Fenwick Aimee L, Goos Jacqueline A C, Rankin Julia, Lord Helen, Lester Tracy, Hoogeboom A Jeannette M, van den Ouweland Ans M W, Wall Steven A, Mathijssen Irene M J, Wilkie Andrew O M
Weatherall Institute of Molecular Medicine, John Radcliffe Hospital, University of Oxford, Headington, Oxford OX3 9DS, UK.
BMC Med Genet. 2014 Aug 31;15:95. doi: 10.1186/s12881-014-0095-4.
Mutations of fibroblast growth factor receptor 2 (FGFR2) account for a higher proportion of genetic cases of craniosynostosis than any other gene, and are associated with a wide spectrum of severity of clinical problems. Many of these mutations are highly recurrent and their associated features well documented. Crouzon syndrome is typically caused by heterozygous missense mutations in the third immunoglobulin domain of FGFR2.
Here we describe two families, each segregating a different, previously unreported FGFR2 mutation of the same nucleotide, c.1083A>G and c.1083A>T, both of which encode an apparently synonymous change at the Pro361 codon. We provide experimental evidence that these mutations affect normal FGFR2 splicing and document the clinical consequences, which include a mild Crouzon syndrome phenotype and reduced penetrance of craniosynostosis.
These observations add to a growing list of FGFR2 mutations that affect splicing and provide important clinical information for genetic counselling of families affected by these specific mutations.

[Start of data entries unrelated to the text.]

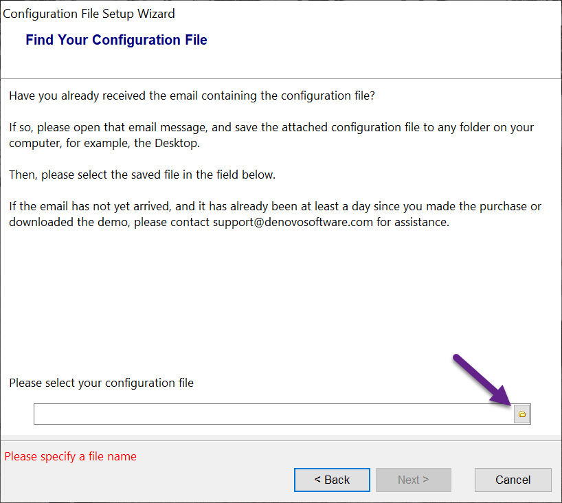 3. Click the folder icon to browse to the new configuration file.
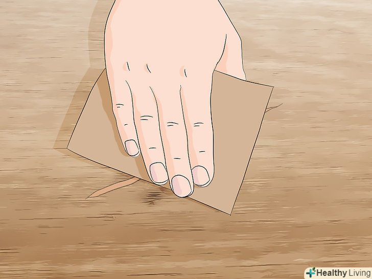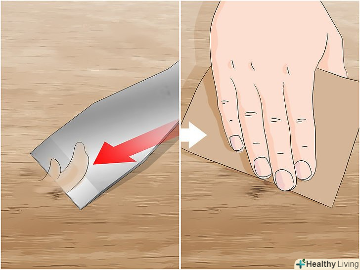 Відшліфуйте клей наждачним папером. спочатку візьміть шпатель і приберіть зайвий клей. Потім візьміть дрібнозернисту (P120 (10-H)–P220 (6-H)) наждачний папір або напилок і акуратно розрівняйте поверхню, поки вона не буде врівень з деревиною. [20]- Рубанком вам буде простіше це зробити, і під час шліфування ви не видалите частину деревини.
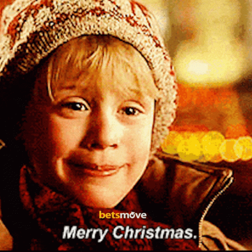 Kevin McCallister from Home Alone, in his iconic hat and scarf, wishes everyone a 'Merry Christmas'.
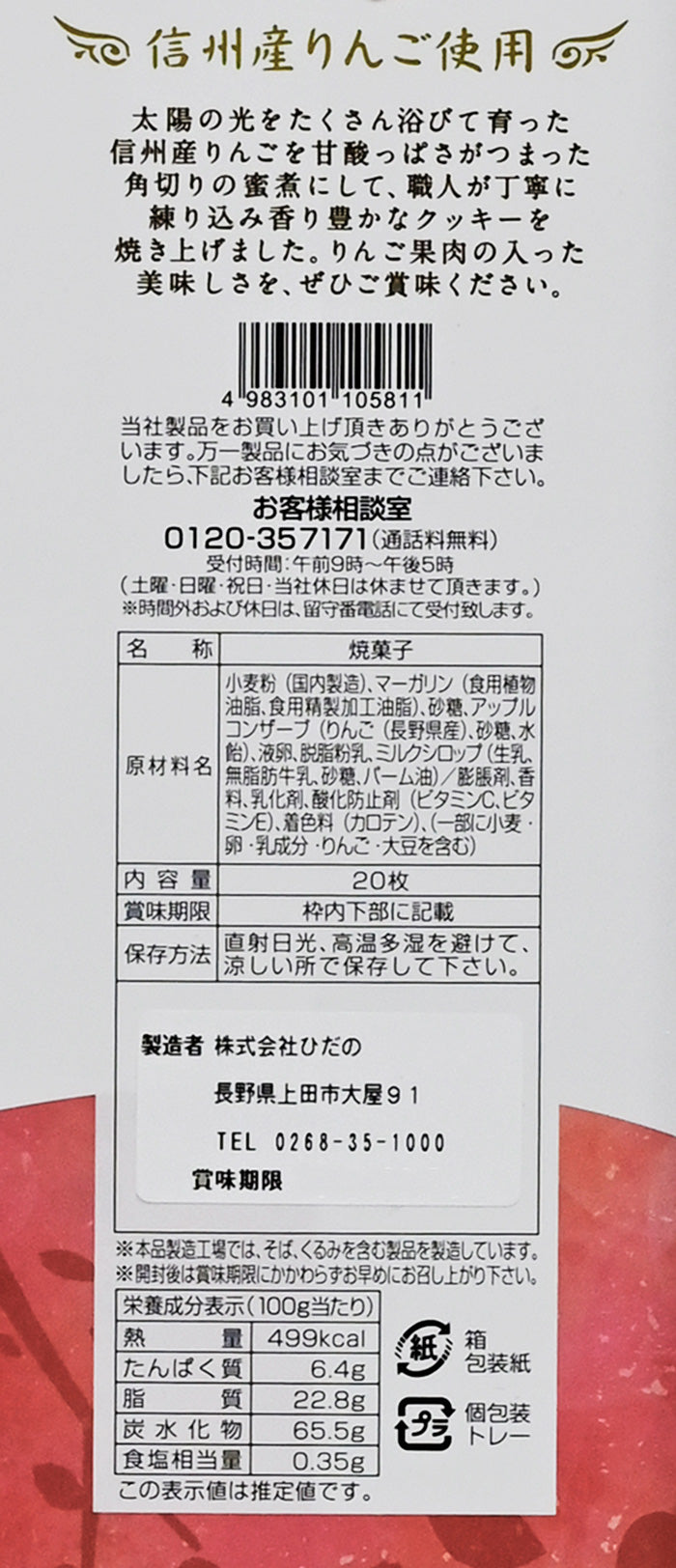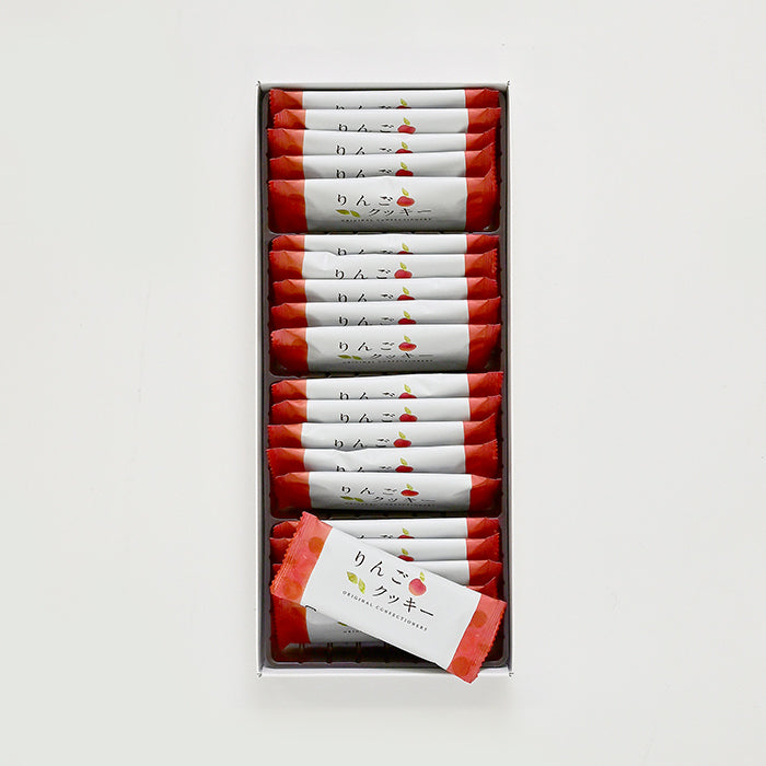 信州りんごクッキー20枚入 信州長野のお土産信州産林檎使用。太陽の光をたくさん浴びて育った信州産のりんごを甘酸っぱさが詰まった角切りの蜜煮にして職人が丁寧に練り込み香り豊かなクッキーを焼き上げました。りんごの果肉の入った美味しさをぜひご賞味ください。内容量20枚賞味期限製造日より約8ヶ月保存方法直射日光、高温多湿を避けて涼しいところで保存ください原材料小麦粉、砂糖、マーガリン、卵、りんご、脱脂粉乳、水飴、ミルクシロップ、膨張剤、香料、乳化剤、酸化防止剤(V.C、V.E)、着色料(カロチン)、(原材料の一部に大豆を含む)製造工場ではそばを含む製品も製造しています。
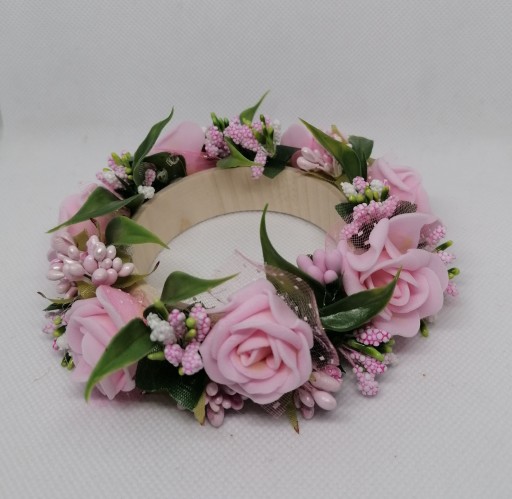 - wykorzystano piankowe róże o średnicy 30 -35mm, dekoracyjny ryżyk, delikatne kawałki tiulu, atłasową wstążkę

成纤维细胞生长因子受体2(FGFR2)突变在颅缝早闭的遗传病例中所占比例高于其他任何基因,并且与一系列广泛的临床问题严重程度相关。这些突变中有许多是高度复发性的,其相关特征也有充分记录。克鲁宗综合征通常由FGFR2第三个免疫球蛋白结构域中的杂合错义突变引起。
在此,我们描述了两个家系,每个家系都分离出一种不同的、先前未报道的相同核苷酸的FGFR2突变,即c.1083A>G和c.1083A>T,这两种突变在Pro361密码子处编码一个明显的同义变化。我们提供了实验证据,证明这些突变影响正常的FGFR2剪接,并记录了临床后果,包括轻度克鲁宗综合征表型和颅缝早闭的外显率降低。
这些观察结果增加了影响剪接的FGFR2突变的数量,并为受这些特定突变影响的家系的遗传咨询提供了重要的临床信息。